La BIS a tenté de chiffrer cette dette manquante. Dans son estimation de référence, sur données de 2022, les non-banques situées hors des États-Unis devaient ainsi près de 26 000 milliards de dollars via ces instruments, soit le double de leur dette dollar inscrite au bilan, et en forte hausse depuis les 17 000 milliards de 2016. Pour les banques non américaines, ce montant hors bilan dépassait 39 000 milliards de dollars, plus de dix fois leurs fonds propres. L’essentiel de cette dette est très court terme, ce qui crée des besoins de refinancement permanents et, donc, un risque de squeeze à chaque tension.
Pourquoi c’est un risque systémique
Le problème n’est pas la taille en soi, mais la combinaison d’un financement court, d’un hors bilan opaque et d’une dépendance totale à un dollar émis ailleurs. Quand les conditions se tendent, les détenteurs de dollars hors des États-Unis cherchent tous à se refinancer en même temps, et le dollar offshore devient brutalement rare. C’est ce qui s’est produit en 2008, puis en mars 2020 : le marché des swaps de change s’est figé, et la Réserve fédérale a dû ouvrir des lignes de swap avec les grandes banques centrales pour réinjecter des dollars dans le système mondial.

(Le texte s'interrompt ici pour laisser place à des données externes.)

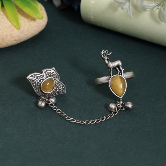 Bright Yellow Color Oxidised Two In One Finger Ring Fashion Piece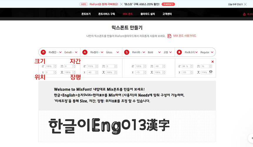 각각의 다른 폰트들을 조합하는 것이기 때문에 크기나 위치가 뒤죽박죽일 수 있는데 굉장히 세세한 조정을 할 수 있답니다. 보통 한글보다 크기가 작은 영어와 숫자는 크기를 키워주고 위치, 자간을 조절해서 한글과 잘 어우러지게 맞춰주었고요, 또 한문도 'Rix포스터' 폰트를 선택해 숫자와 어우러지게 폰트미세조정을 해주었습니다.

Or la Fed agit alors en pompier d’un incendie qu’elle voit mal. Comme le souligne la BIS, les autorités sont intervenues en 2008 et 2020 avec peu d’informations sur qui devait quoi et où. Le prêteur en dernier ressort du dollar mondial pilote en partie à l’aveugle, sur une dette qui ne figure nulle part dans les bilans qu’il surveille. C’est précisément la zone d’opacité que ce journal cherche à éclairer.
L’étage offshore de la même machine
L’eurodollar ne vit pas à part. Il se finance sur les mêmes marchés que le repo, il abrite une partie de l’intermédiation non bancaire, et les centres offshore comme les îles Caïmans concentrent une part croissante du crédit transfrontière. C’est la couche internationale d’un seul et même système, où la liquidité se fabrique sur des bilans contraints, à effet de levier, et où une part toujours plus grande échappe à la mesure. La question n’est pas de savoir si ce dollar offshore est systémique, il l’est de façon évidente, mais de savoir combien de temps encore on acceptera de le surveiller avec des statistiques qui en ignorent la moitié.
Sources principales : Bank for International Settlements, indicateurs de liquidité mondiale, données à fin décembre 2025 (crédit dollar aux non-banques hors US à 14 300 milliards de dollars, plus forte croissance depuis 2014 ; crédit euro et yen hors zone) ; BIS, Quarterly Review de décembre 2022, Borio, McCauley et McGuire, « Dollar debt in FX swaps and forwards: huge, missing and growing » (dette dollar hors bilan estimée à environ 26 000 milliards pour les non-banques hors US et plus de 39 000 milliards pour les banques non américaines, sur données 2022) ; BIS, « FX swaps and forwards: missing global debt? » (Quarterly Review, septembre 2017) ; McGuire et von Peter, « The US dollar shortage in global banking and the international policy response » (BIS Working Papers, 2009). Chiffres et dates vérifiés un à un.
Cet article ne constitue en aucun cas un conseil en investissement.